I've tagged this post as WordPress, but I'm not entirely sure it's WordPress-specific, so I'm posting it on StackOverflow rather than WPSE. The solution doesn't have to be WordPress-specific, simply PHP.
The Scenario
I run a fishkeeping website with a number of tropical fish Species Profiles
and Glossary
entries.
Our website is oriented around our profiles. They are, as you may term it, the bread and butter of the website.
What I'm hoping to achieve is that, in every species profile which mentions another species or a glossary entry, I can replace those words with a link - such as you'll see here. Ideally, I would also like this to occur in news, articles and blog posts too.
We have nearly 1400 species profiles
and 1700 glossary entries
. Our species profiles are often lengthy and at last count our species profiles alone numbered more than 1.7 million words
of information.
What I'm Currently Attempting
Currently, I have a filter.php
with a function that - I believe - does what I need it to do.
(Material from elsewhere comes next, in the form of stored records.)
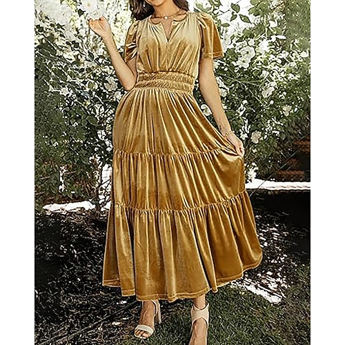 Per donna Abito Midi Abito di Natale Abito in Velluto Vestito da Festa Abito da Cocktail Elegante Moderno Festa serale Feste Compleanno Vestibilità regolare Semplice Manica Corta Scollo a V Vino
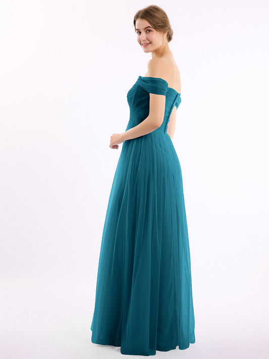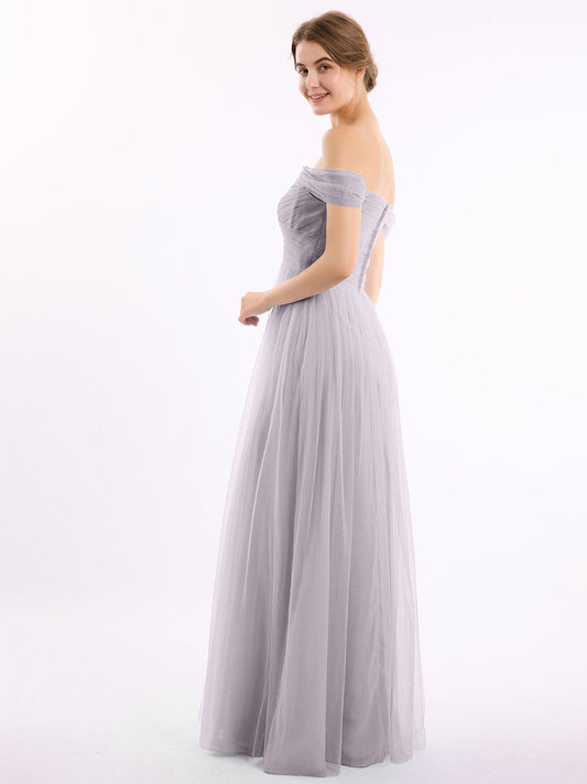 Babaroni EuniceVestido de tul con escote en hombros caídos y escote en corazón Azul Polvoriento Tallas Grandes
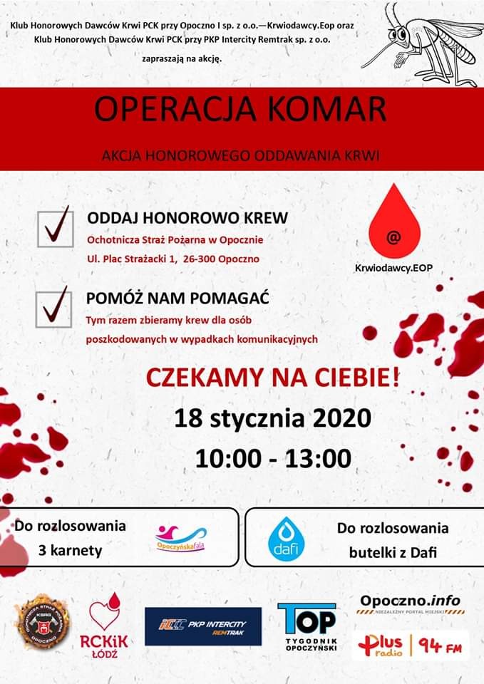 Klub Honorowych Dawców Krwi PCK przy Opoczno 1 Sp. z o. o. oraz Klub Honorowych Dawców Krwi PCK przy PKP Remtrak Sp. z o. o. zapraszają na akcję honorowego oddawania krwi, która odbędzie się 18 stycznia 2020 roku.
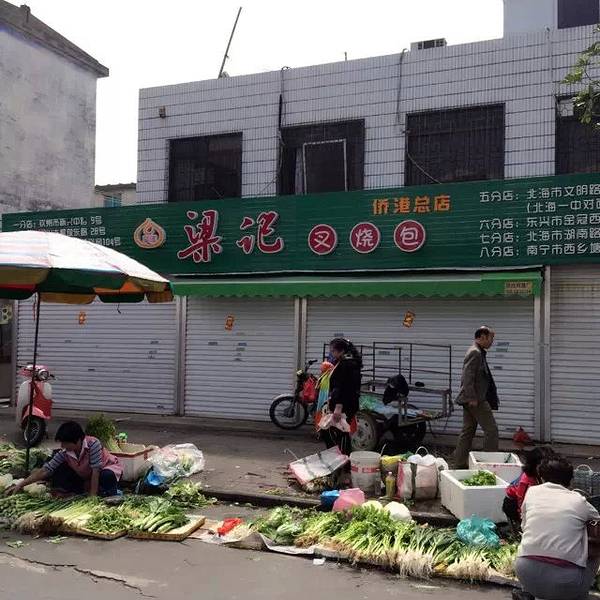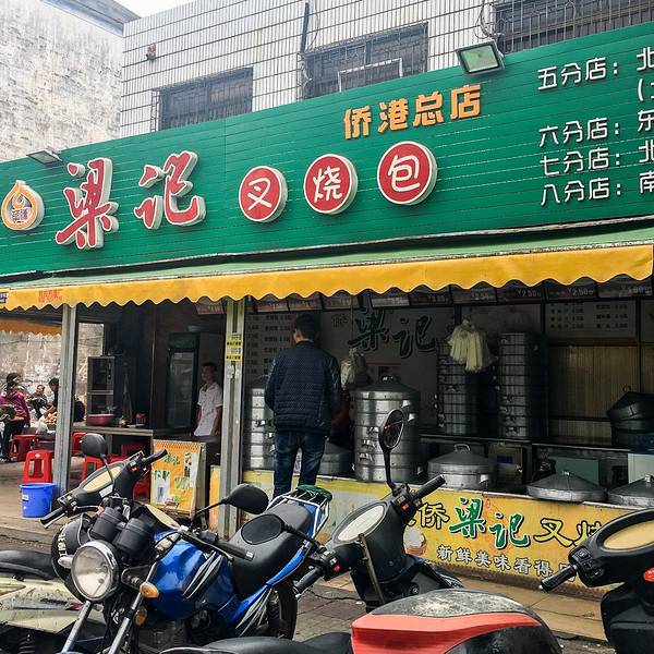 还有几家分店。它家生意很好,常常要排队。梁记叉烧包总店店铺在侨港老街上,侨港市场的斜对面

The code is quite lengthy, and can be found in full here.
In addition, in my WordPress theme's functions.php
, I have the following:
# ==============================================================================================
# [Filter]
#
# Every hour, using WP_Cron, `my_updated_posts` is checked. If there are new Post IDs in there,
# it will run a filter on all of the post's content. The filter will search for Glossary terms
# and scientific species names. If found, it will replace those names with links including a
# pop-up.
include "filter.php";
# ==============================================================================================
# When saving a post (new or edited), check to make sure it isn't a revision then add its ID
# to `my_updated_posts`.
add_action( 'save_post', 'my_set_content_filter' );
function my_set_content_filter( $post_id ) {
if ( !wp_is_post_revision( $post_id ) ) {
$post_type = get_post_type( $post_id );
if ( $post_type == "species" || ( $post_type == "post" && in_category( "articles", $post_id ) ) || ( $post_type == "post" && in_category( "blogs", $post_id ) ) ) {
//get the previous value
$ids = get_option( 'my_updated_posts' );
//add new value if necessary
if( !in_array( $post_id, $ids ) ) {
$ids[] = $post_id;
update_option( 'my_updated_posts', $ids );
}
}
}
}
# ==============================================================================================
# Add the filter to WP_Cron.
add_action( 'my_filter_posts_content', 'my_filter_content' );
if( !wp_next_scheduled( 'my_filter_posts_content' ) ) {
wp_schedule_event( time(), 'hourly', 'my_filter_posts_content' );
}
# ==============================================================================================
# Run the filter.
function my_filter_content() {
//check to see if posts need to be parsed
if ( !get_option( 'my_updated_posts' ) )
return false;
//parse posts
$ids = get_option( 'my_updated_posts' );
update_option( 'error_check', $ids );
foreach( $ids as $v ) {
if ( get_post_status( $v ) == 'publish' )
run_filter( $v );
update_option( 'error_check', "filter has run at least once" );
}
//make sure no values have been added while loop was running
$id_recheck = get_option( 'my_updated_posts' );
my_close_out_filter( $ids, $id_recheck );
//once all options, including any added during the running of what could be a long cronjob are done, remove the value and close out
delete_option( 'my_updated_posts' );
update_option( 'error_check', 'working m8' );
return true;
}
# ==============================================================================================
# A "difference" function to make sure no new posts have been added to `my_updated_posts` whilst
# the potentially time-consuming filter was running.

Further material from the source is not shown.